*Supplied information*.
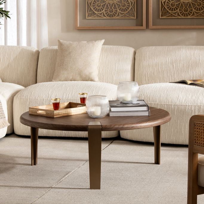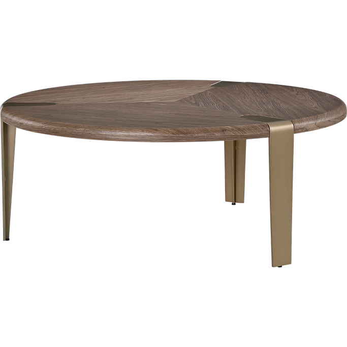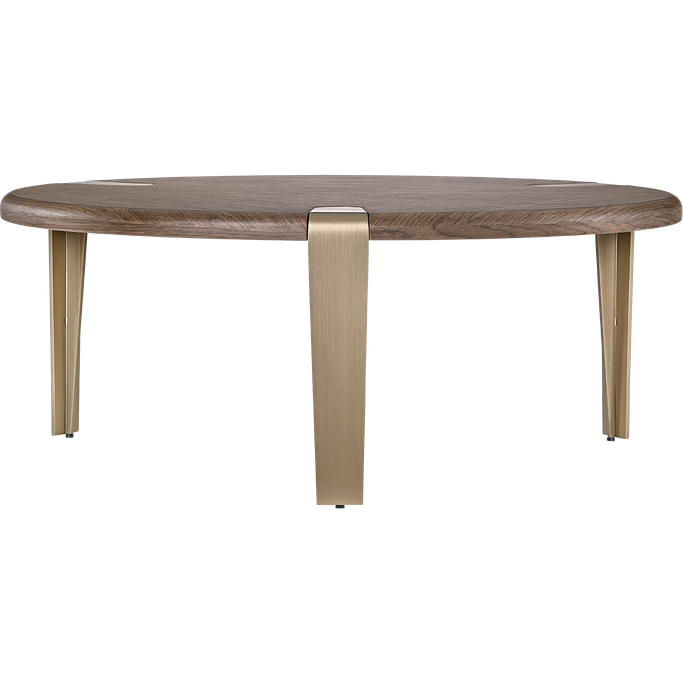 Add a touch of elegance to your home with the Bianca Middle Table. Designed with a smooth round top and brass legs for a modern touch. Made from wood in walnut color with natural patterns and finished with warm brass-toned stainless steel, it adds a touch of sophistication to your space.
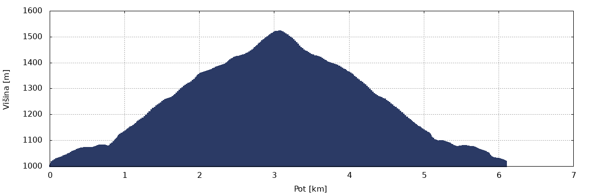 Najvišja točka: 1526 m (46.3721117, 14.8907117)
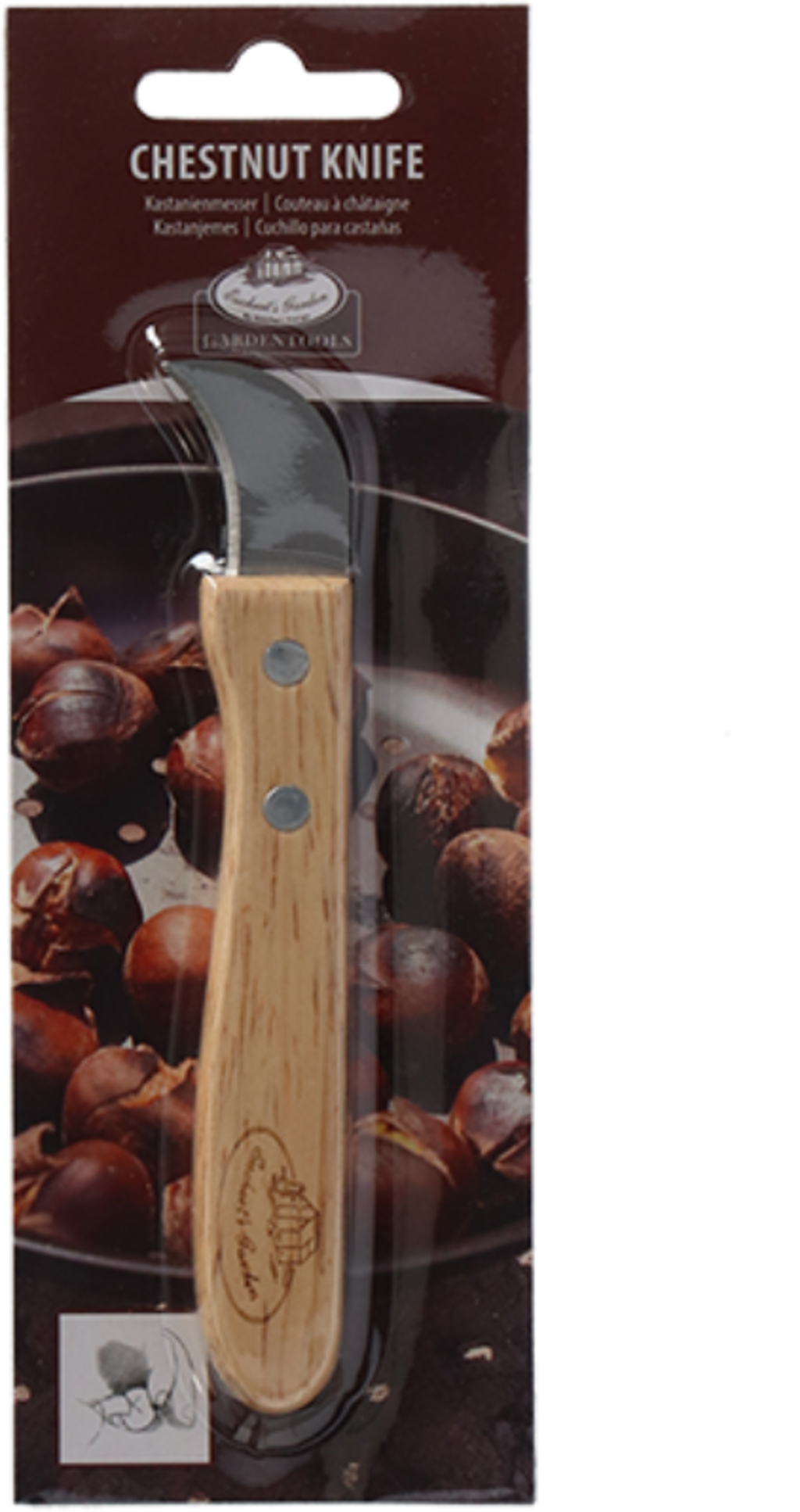 Het speciaal gevormde mes is het ideale gereedschap voor het bereiden van kastanjes. Hiermee kun je de schil in een handomdraai doorsnijden, zodat ze klaar zijn om geroosterd te worden. Het maakt het ook gemakkelijk om de binnenste schil te verwijderen. Een onmisbaar gereedschap voor de herfst en het begin van het kastanjeseizoen.

*What you should do*.
Word-for-word transcript, pictures excluded: copy all the material above.

*Solution*.
 Add a touch of elegance to your home with the Bianca Middle Table. Designed with a smooth round top and brass legs for a modern touch. Made from wood in walnut color with natural patterns and finished with warm brass-toned stainless steel, it adds a touch of sophistication to your space.
 Najvišja točka: 1526 m (46.3721117, 14.8907117)
 Het speciaal gevormde mes is het ideale gereedschap voor het bereiden van kastanjes. Hiermee kun je de schil in een handomdraai doorsnijden, zodat ze klaar zijn om geroosterd te worden. Het maakt het ook gemakkelijk om de binnenste schil te verwijderen. Een onmisbaar gereedschap voor de herfst en het begin van het kastanjeseizoen.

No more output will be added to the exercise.